On Saturday 02 October 2010 07:24:38, Russ Abbott wrote:
> Thanks. I'm still wondering what [ ] refers to.
That depends where it appears. Leaving aside []'s existence as a type
constructor, it can refer to
- an empty list of specific type
- an empty list of some constrained type (say, [] :: Num a => [a])
- an empty list of arbitrary type.
At any point where it is finally used (from main or at the interactive
prompt), it will be instantiated at a specific type (at least in GHC).
At the Haskell source code level, [] is an expression that can have any
type [a].
At the Core level (first intermediate representation in GHC's compilation
process, still quite similar to Haskell), [] is a function which takes a
type ty as argument and produces a value of type [ty].
At the assembly level, there are no types anymore, and I wouldn't be
surprised if all occurrences of [] compiled down to the same bit of data.
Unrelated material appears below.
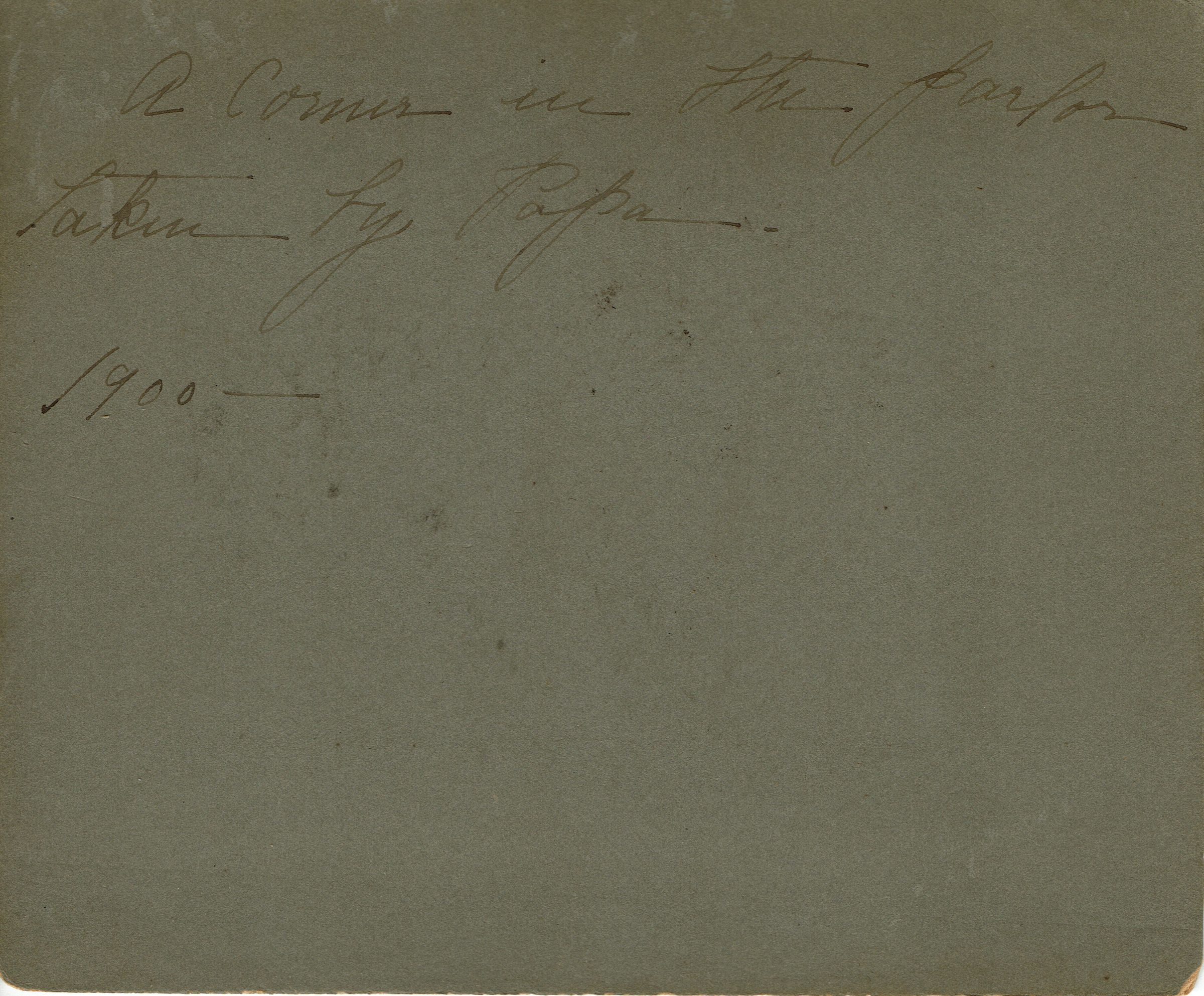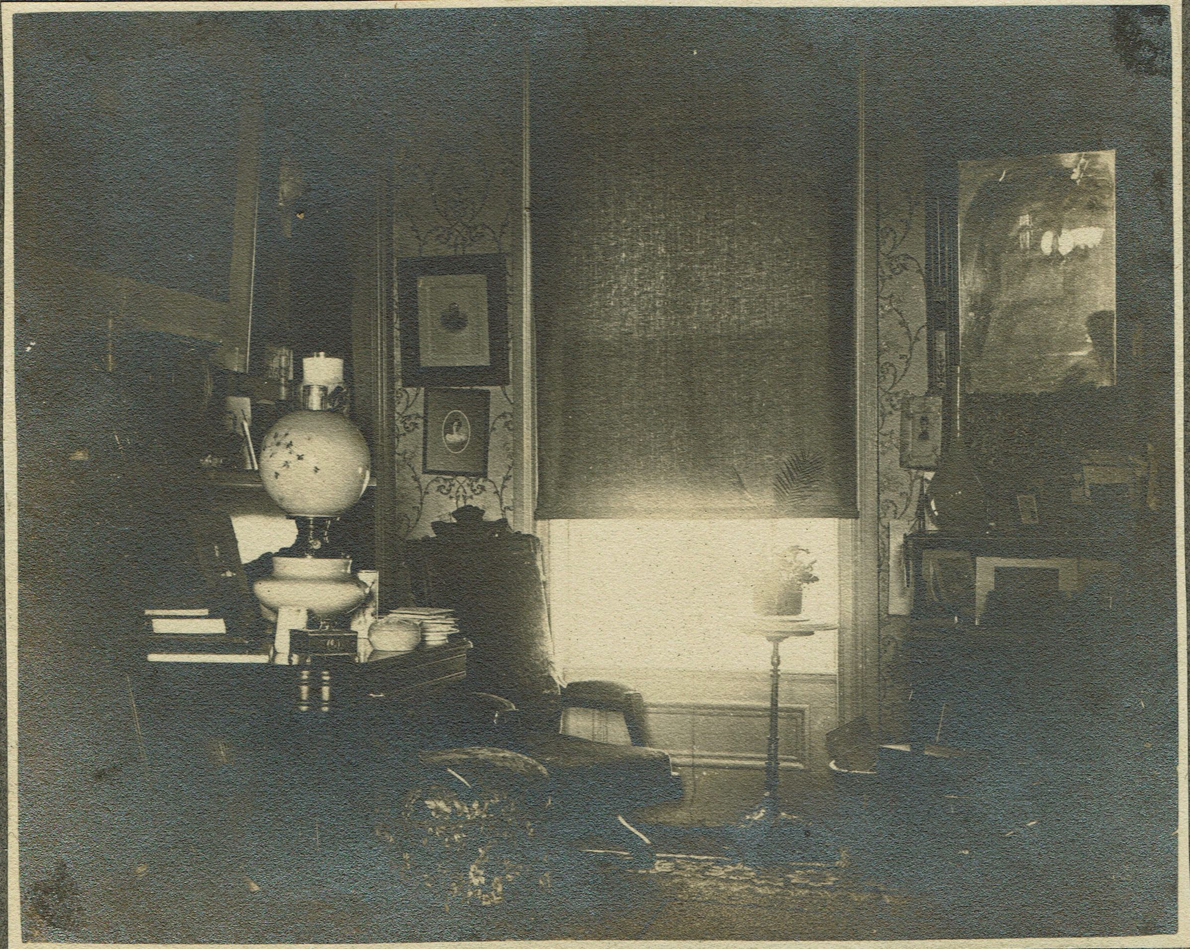 Photograph of the parlor of the Edward and Elizabeth Kellogg house. Inscription on verso reads, "A corner in the parlor, taken by Papa, 1900."Collection

> I can load the following file without error.
>
> null' xs = xs == [ ]
Let's see what Core the compiler produces of that:
Null.null' :: forall a_adg.
(GHC.Classes.Eq a_adg) =>
[a_adg] -> GHC.Bool.Bool
--Straightforward, except perhaps the name mangling to produce unique
names.
GblId
[Arity 1]
--Lives at the top level and takes one argument.
Null.null' =
\ (@ a_ahp) ($dEq3_aht :: GHC.Classes.Eq a_ahp) ->
--Here it gets interesting, at this level, it takes more than one argument,
the first two are given here, a type a_ahp, indicated by the @ [read it as
"null' at the type a_ahp] and an Eq dictionary for that type.
let {
==_ahs :: [a_ahp] -> [a_ahp] -> GHC.Bool.Bool
--Now we pull the comparison function to use out of the dictionary and bind
it to a local name.
LclId
[]
==_ahs =
GHC.Classes.== @ [a_ahp] (GHC.Base.$fEq[] @ a_ahp $dEq3_aht) } in
--First, from the Eq dictionary for a_ahp, we pull out the Eq dictionary
for the type [a_ahp] and from that we choose the "==" function.
\ (xs_adh :: [a_ahp]) -> ==_ahs xs_adh (GHC.Types.[] @ a_ahp)
--And now we come to the point what happens when the thing is called.
Given an argument xs_adh of type [a_ahp], it applies the comparison
function pulled out of the dictionary(ies) to a) that argument and b) []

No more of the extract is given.